[Items from a data source]
******
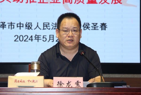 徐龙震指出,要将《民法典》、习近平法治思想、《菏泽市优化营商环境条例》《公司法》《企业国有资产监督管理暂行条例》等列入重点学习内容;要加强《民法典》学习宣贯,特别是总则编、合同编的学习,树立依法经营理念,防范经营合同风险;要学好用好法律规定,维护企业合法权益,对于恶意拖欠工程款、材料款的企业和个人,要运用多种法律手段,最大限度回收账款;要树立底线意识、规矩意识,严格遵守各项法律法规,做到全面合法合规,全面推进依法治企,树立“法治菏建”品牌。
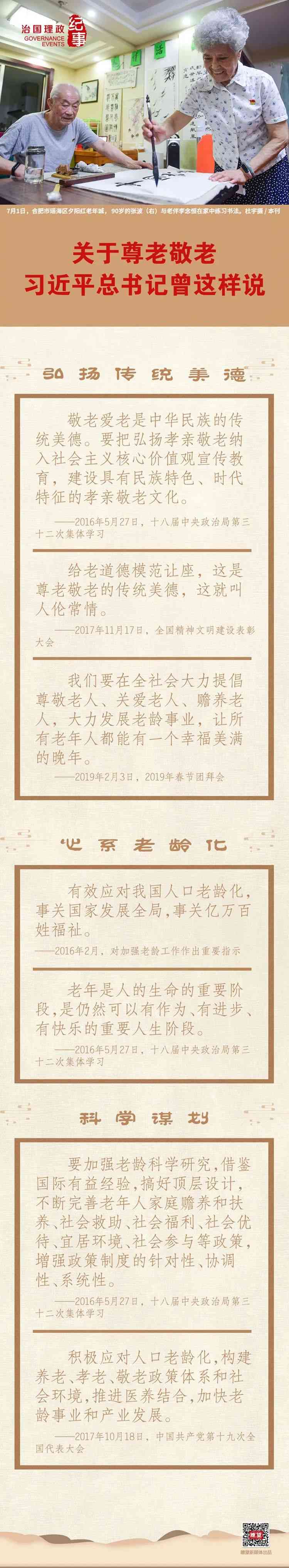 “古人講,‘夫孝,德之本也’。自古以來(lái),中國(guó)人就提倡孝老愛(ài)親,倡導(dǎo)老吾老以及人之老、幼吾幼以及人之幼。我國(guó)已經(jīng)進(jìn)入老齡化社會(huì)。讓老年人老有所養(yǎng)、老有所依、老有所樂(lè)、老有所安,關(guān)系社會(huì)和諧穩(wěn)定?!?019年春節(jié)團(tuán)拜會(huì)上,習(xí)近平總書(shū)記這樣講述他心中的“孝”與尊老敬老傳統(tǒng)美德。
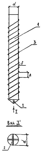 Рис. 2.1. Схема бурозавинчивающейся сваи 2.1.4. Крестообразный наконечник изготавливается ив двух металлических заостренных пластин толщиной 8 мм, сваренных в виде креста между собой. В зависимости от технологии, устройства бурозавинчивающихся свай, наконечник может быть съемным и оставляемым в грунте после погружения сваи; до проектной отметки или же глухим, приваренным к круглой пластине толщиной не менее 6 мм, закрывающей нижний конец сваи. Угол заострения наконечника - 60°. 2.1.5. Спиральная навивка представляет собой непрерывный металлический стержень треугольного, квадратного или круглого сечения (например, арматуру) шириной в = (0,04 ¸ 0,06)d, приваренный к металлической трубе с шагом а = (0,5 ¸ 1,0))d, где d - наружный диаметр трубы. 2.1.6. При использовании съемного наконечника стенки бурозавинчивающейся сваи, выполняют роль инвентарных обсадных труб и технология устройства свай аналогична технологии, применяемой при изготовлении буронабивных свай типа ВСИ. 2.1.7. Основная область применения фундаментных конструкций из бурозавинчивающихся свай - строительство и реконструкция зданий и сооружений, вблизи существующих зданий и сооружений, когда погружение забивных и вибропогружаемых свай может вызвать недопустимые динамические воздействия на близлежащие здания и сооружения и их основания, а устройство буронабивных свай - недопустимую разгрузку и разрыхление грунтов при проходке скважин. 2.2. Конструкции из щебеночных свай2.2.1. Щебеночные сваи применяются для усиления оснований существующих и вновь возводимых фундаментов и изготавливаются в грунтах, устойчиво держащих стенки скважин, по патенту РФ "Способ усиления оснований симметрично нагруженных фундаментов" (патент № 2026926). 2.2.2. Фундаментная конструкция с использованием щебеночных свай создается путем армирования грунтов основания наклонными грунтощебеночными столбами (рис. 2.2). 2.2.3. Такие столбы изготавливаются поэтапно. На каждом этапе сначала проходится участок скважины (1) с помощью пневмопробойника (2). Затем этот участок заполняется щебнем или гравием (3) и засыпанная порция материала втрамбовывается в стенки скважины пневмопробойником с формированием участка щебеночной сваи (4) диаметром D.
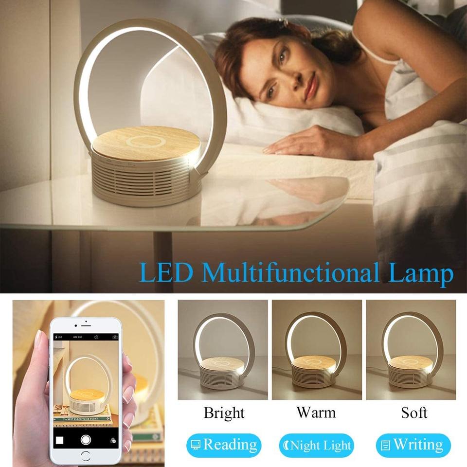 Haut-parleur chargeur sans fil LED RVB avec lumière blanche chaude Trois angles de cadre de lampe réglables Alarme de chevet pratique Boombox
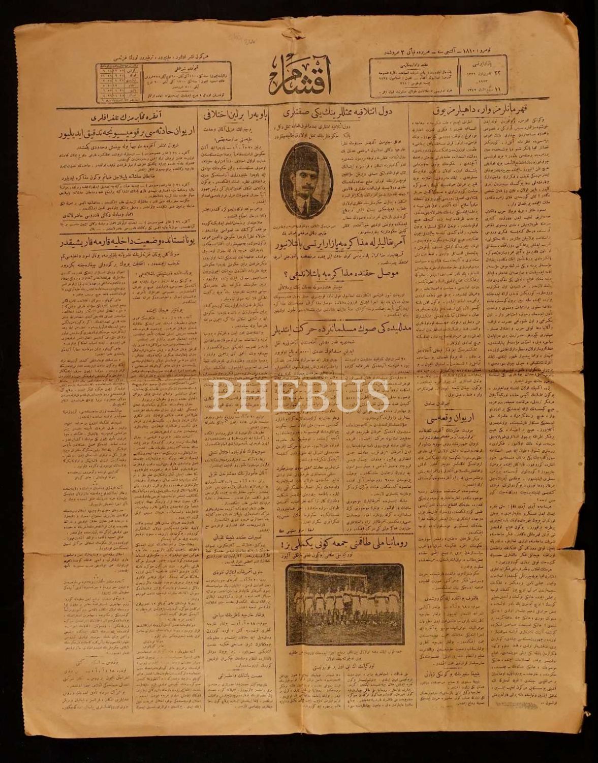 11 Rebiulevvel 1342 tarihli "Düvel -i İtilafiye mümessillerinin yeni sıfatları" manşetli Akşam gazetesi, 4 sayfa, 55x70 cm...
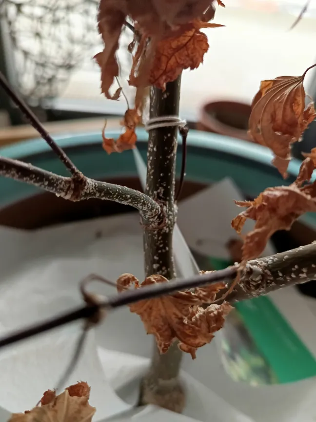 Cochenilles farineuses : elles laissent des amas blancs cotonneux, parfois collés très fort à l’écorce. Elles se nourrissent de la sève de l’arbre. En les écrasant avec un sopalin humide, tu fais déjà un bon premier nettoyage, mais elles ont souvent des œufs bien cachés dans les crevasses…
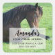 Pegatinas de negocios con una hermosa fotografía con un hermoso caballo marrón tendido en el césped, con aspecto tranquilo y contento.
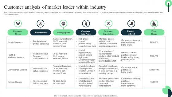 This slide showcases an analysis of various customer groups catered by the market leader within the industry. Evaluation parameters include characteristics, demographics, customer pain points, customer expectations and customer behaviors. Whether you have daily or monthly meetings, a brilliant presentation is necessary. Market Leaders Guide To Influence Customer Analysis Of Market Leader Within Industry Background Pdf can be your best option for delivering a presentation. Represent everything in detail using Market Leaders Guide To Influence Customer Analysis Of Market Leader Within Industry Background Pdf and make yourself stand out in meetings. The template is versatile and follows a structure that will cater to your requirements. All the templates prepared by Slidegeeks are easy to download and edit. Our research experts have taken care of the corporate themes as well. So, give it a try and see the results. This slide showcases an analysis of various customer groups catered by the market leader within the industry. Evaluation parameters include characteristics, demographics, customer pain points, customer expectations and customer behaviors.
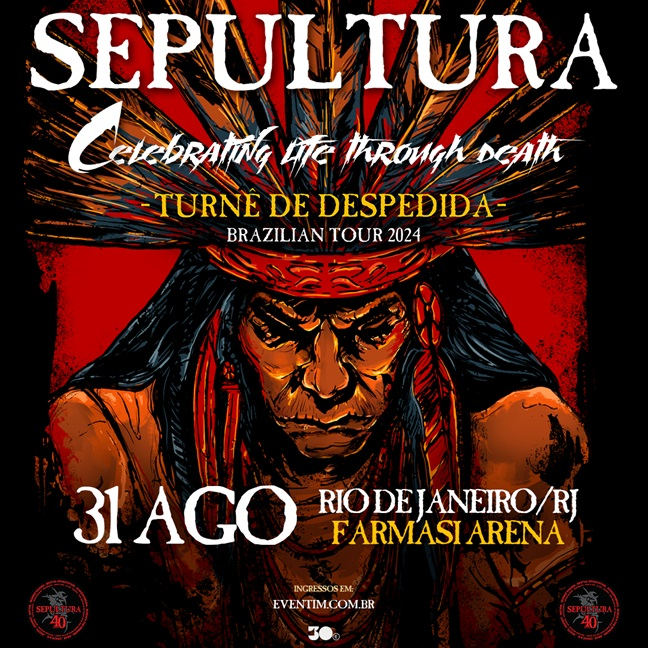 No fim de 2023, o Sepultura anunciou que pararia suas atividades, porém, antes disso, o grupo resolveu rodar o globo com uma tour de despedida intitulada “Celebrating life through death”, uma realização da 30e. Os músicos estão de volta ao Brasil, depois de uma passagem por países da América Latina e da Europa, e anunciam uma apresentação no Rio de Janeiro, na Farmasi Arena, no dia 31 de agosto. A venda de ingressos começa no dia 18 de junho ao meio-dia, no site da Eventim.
******
- PROBLEM REQUIREMENTS:
Repeat all of the records verbatim, leaving out the pictures.

- ANSWER SPACE:
 徐龙震指出,要将《民法典》、习近平法治思想、《菏泽市优化营商环境条例》《公司法》《企业国有资产监督管理暂行条例》等列入重点学习内容;要加强《民法典》学习宣贯,特别是总则编、合同编的学习,树立依法经营理念,防范经营合同风险;要学好用好法律规定,维护企业合法权益,对于恶意拖欠工程款、材料款的企业和个人,要运用多种法律手段,最大限度回收账款;要树立底线意识、规矩意识,严格遵守各项法律法规,做到全面合法合规,全面推进依法治企,树立“法治菏建”品牌。
 “古人講,‘夫孝,德之本也’。自古以來(lái),中國(guó)人就提倡孝老愛(ài)親,倡導(dǎo)老吾老以及人之老、幼吾幼以及人之幼。我國(guó)已經(jīng)進(jìn)入老齡化社會(huì)。讓老年人老有所養(yǎng)、老有所依、老有所樂(lè)、老有所安,關(guān)系社會(huì)和諧穩(wěn)定?!?019年春節(jié)團(tuán)拜會(huì)上,習(xí)近平總書(shū)記這樣講述他心中的“孝”與尊老敬老傳統(tǒng)美德。
 Рис. 2.1. Схема бурозавинчивающейся сваи 2.1.4. Крестообразный наконечник изготавливается ив двух металлических заостренных пластин толщиной 8 мм, сваренных в виде креста между собой. В зависимости от технологии, устройства бурозавинчивающихся свай, наконечник может быть съемным и оставляемым в грунте после погружения сваи; до проектной отметки или же глухим, приваренным к круглой пластине толщиной не менее 6 мм, закрывающей нижний конец сваи. Угол заострения наконечника - 60°. 2.1.5. Спиральная навивка представляет собой непрерывный металлический стержень треугольного, квадратного или круглого сечения (например, арматуру) шириной в = (0,04 ¸ 0,06)d, приваренный к металлической трубе с шагом а = (0,5 ¸ 1,0))d, где d - наружный диаметр трубы. 2.1.6. При использовании съемного наконечника стенки бурозавинчивающейся сваи, выполняют роль инвентарных обсадных труб и технология устройства свай аналогична технологии, применяемой при изготовлении буронабивных свай типа ВСИ. 2.1.7. Основная область применения фундаментных конструкций из бурозавинчивающихся свай - строительство и реконструкция зданий и сооружений, вблизи существующих зданий и сооружений, когда погружение забивных и вибропогружаемых свай может вызвать недопустимые динамические воздействия на близлежащие здания и сооружения и их основания, а устройство буронабивных свай - недопустимую разгрузку и разрыхление грунтов при проходке скважин. 2.2. Конструкции из щебеночных свай2.2.1. Щебеночные сваи применяются для усиления оснований существующих и вновь возводимых фундаментов и изготавливаются в грунтах, устойчиво держащих стенки скважин, по патенту РФ "Способ усиления оснований симметрично нагруженных фундаментов" (патент № 2026926). 2.2.2. Фундаментная конструкция с использованием щебеночных свай создается путем армирования грунтов основания наклонными грунтощебеночными столбами (рис. 2.2). 2.2.3. Такие столбы изготавливаются поэтапно. На каждом этапе сначала проходится участок скважины (1) с помощью пневмопробойника (2). Затем этот участок заполняется щебнем или гравием (3) и засыпанная порция материала втрамбовывается в стенки скважины пневмопробойником с формированием участка щебеночной сваи (4) диаметром D.
 Haut-parleur chargeur sans fil LED RVB avec lumière blanche chaude Trois angles de cadre de lampe réglables Alarme de chevet pratique Boombox
 11 Rebiulevvel 1342 tarihli "Düvel -i İtilafiye mümessillerinin yeni sıfatları" manşetli Akşam gazetesi, 4 sayfa, 55x70 cm...
 Cochenilles farineuses : elles laissent des amas blancs cotonneux, parfois collés très fort à l’écorce. Elles se nourrissent de la sève de l’arbre. En les écrasant avec un sopalin humide, tu fais déjà un bon premier nettoyage, mais elles ont souvent des œufs bien cachés dans les crevasses…
 Pegatinas de negocios con una hermosa fotografía con un hermoso caballo marrón tendido en el césped, con aspecto tranquilo y contento.
 This slide showcases an analysis of various customer groups catered by the market leader within the industry. Evaluation parameters include characteristics, demographics, customer pain points, customer expectations and customer behaviors. Whether you have daily or monthly meetings, a brilliant presentation is necessary. Market Leaders Guide To Influence Customer Analysis Of Market Leader Within Industry Background Pdf can be your best option for delivering a presentation. Represent everything in detail using Market Leaders Guide To Influence Customer Analysis Of Market Leader Within Industry Background Pdf and make yourself stand out in meetings. The template is versatile and follows a structure that will cater to your requirements. All the templates prepared by Slidegeeks are easy to download and edit. Our research experts have taken care of the corporate themes as well. So, give it a try and see the results. This slide showcases an analysis of various customer groups catered by the market leader within the industry. Evaluation parameters include characteristics, demographics, customer pain points, customer expectations and customer behaviors.
 No fim de 2023, o Sepultura anunciou que pararia suas atividades, porém, antes disso, o grupo resolveu rodar o globo com uma tour de despedida intitulada “Celebrating life through death”, uma realização da 30e. Os músicos estão de volta ao Brasil, depois de uma passagem por países da América Latina e da Europa, e anunciam uma apresentação no Rio de Janeiro, na Farmasi Arena, no dia 31 de agosto. A venda de ingressos começa no dia 18 de junho ao meio-dia, no site da Eventim.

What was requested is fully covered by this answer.